Nenhum homem
recebeu da natureza o direito de comandar os outros.
A liberdade é um presente
do Céu, e cada indivíduo da mesma espécie tem o direito de a gozar, tão
rapidamente atinja a idade da razão,
Se a
natureza estabeleceu qualquer autoridade, é o poder paternal ; mas esse poder
tem, também, os seus limites ; e no estado natural ele acabaria logo que
os filhos estiverem em estado de saberem conduzir os seus próprios destinos.
Toda e
qualquer outra autoridade vem de outra origem que a natureza. Que se examine
bem e conseguiremos que essa autoridade, tal como acontece com o azeite, suba á
superfície da água ; ou a força e a violência daquele que dela se
apoderou, pensando-se « único » ; ou o consentimento dos que se
submeteram por um contrato feito ou suposto entre eles e aqueles a quem eles
deferiram a autoridade provisoriamente.
O poder que
se adquire pela violência não é que uma usurpação e não dura mais que a força
do que comanda o conduz sobre a dos que obedecem ; de forma que se os últimos se tornam, por sua
vez, os mais fortes, e que agitam e retiram o jugo, fazem-no com tanto direito
e justiça que o outro que lhes havia sido imposto, e se impunha com toda a
severidade.
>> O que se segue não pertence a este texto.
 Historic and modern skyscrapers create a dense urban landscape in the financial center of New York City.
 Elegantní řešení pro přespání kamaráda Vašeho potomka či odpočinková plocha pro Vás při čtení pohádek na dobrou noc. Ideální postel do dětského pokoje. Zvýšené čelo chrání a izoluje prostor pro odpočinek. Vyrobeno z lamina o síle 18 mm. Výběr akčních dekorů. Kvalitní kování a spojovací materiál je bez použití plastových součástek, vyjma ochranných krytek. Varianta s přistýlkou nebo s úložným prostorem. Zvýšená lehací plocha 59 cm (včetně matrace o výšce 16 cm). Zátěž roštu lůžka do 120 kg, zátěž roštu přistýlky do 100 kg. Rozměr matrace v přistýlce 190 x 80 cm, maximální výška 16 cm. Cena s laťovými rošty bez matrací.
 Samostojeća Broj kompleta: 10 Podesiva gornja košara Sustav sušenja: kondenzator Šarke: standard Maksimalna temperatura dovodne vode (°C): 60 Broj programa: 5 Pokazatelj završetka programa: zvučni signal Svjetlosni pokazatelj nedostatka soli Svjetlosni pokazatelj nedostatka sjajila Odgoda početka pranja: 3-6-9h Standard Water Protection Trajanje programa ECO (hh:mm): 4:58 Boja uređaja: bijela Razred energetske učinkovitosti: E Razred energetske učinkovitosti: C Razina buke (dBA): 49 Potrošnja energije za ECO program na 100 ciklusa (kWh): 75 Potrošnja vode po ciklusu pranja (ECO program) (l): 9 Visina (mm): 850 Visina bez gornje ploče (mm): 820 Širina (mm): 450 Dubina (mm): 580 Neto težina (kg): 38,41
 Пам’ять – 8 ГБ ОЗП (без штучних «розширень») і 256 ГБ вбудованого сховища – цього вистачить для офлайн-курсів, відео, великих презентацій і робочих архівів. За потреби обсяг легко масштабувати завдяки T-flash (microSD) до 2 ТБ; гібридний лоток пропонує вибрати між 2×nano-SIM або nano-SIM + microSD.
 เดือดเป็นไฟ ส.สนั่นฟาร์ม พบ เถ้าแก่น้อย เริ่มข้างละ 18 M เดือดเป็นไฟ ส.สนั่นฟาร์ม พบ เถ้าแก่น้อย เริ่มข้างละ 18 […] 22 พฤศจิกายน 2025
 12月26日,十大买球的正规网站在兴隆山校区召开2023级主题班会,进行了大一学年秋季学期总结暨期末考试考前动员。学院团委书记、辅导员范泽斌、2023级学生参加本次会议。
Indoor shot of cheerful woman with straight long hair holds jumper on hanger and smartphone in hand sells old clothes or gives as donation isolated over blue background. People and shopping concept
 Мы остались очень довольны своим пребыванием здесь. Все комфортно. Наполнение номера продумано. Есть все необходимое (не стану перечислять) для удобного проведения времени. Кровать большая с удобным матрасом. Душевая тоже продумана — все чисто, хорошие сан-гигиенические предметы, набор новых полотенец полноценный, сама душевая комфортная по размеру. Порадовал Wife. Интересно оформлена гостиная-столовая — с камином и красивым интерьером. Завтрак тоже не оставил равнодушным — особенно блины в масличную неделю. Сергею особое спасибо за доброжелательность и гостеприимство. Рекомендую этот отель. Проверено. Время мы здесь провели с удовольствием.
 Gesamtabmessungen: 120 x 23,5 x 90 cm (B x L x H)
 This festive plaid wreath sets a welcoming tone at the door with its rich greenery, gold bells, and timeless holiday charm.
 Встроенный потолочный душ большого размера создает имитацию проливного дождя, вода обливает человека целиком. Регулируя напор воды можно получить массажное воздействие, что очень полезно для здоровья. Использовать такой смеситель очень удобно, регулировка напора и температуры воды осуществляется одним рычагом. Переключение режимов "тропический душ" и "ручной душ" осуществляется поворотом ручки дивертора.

A mesma lei que fez a autoridade a derrota então ; é a lei do
mais forte.
Por vezes a
autoridade que se estabelece pela violência muda de cariz ; é quando ela
continua e se mantém com o consentimento expresso dos que foram submetidos :
mas mas ela entra, por aí por outra forma, quando o « mandão » se
arroga o direito ao exercício da tirania.
O poder que
surge do consentimento dos povos supõe, necessariamente, condições que tornam o
uso legítimo útil à sociedade, sobretudo em República, fixando-a e
restringindo-a entre limites ; pois o homem não pode nem deve dar-se
inteiramente e sem reservas a um outro homem, porque tem um mestre superior
acima de tudo, a quem só pertence por inteiro.
É Deus, cujo
poder é sempre imediato sobre a criatura, mestre tão cioso como absoluto, que
nunca perde os seus direitos nem os cede a outrem.
Permite,
pelo bem comum e a manutenção da sociedade que os homens estabelecem entre
eles, uma ordem de subordinação, que obedeçam a um deles ; mas, quer que
seja pela razão e com medida, e não cegamente e sem reservas, afim de que, a
criatura não se arrogue os direitos do Criador.
Toda e qualquer
outra submissão é um verdadeiro crime de idolatria.
Ajoelhar
perante um homem ou perante uma imagem é apenas uma cerimónia exterior, em que
o verdadeiro Deus, que pede o coração e o espírito, não se preocupa, e que
abandona à instituição dos homens para fazer, como lhes convier, marcas de um
culto civil e político, ou um culto de religião.
Assim, não
são essas cerimónias, em si mesmas, mas o espírito do seu estabelecimento que
torna a prática inocente ou criminosa.
Felizmente,
vivemos num país considerado civilizado, não num do Terceiro Mundo, ou
afro-asiático onde sem escrúpulo algum se ajoelham, os seres humanos face a
outro ser humano, num cerimonial que não significa que o que se pretendeu que
significasse, mas entregar o seu coração, o seu espírito e a sua conduta, sem
qualquer reserva, à vontade e ao capricho de uma pura criatura, fazer o único e
último motivo das suas acções, sendo seguramente um crime de lesa-majestade
divina ao primeiro chefe.
Não !
Um primeiro-ministro ou um presidente da República merece tanto respeito como o
mais pobre dos cidadãos, que só o é porque eles assim entendem que ele seja.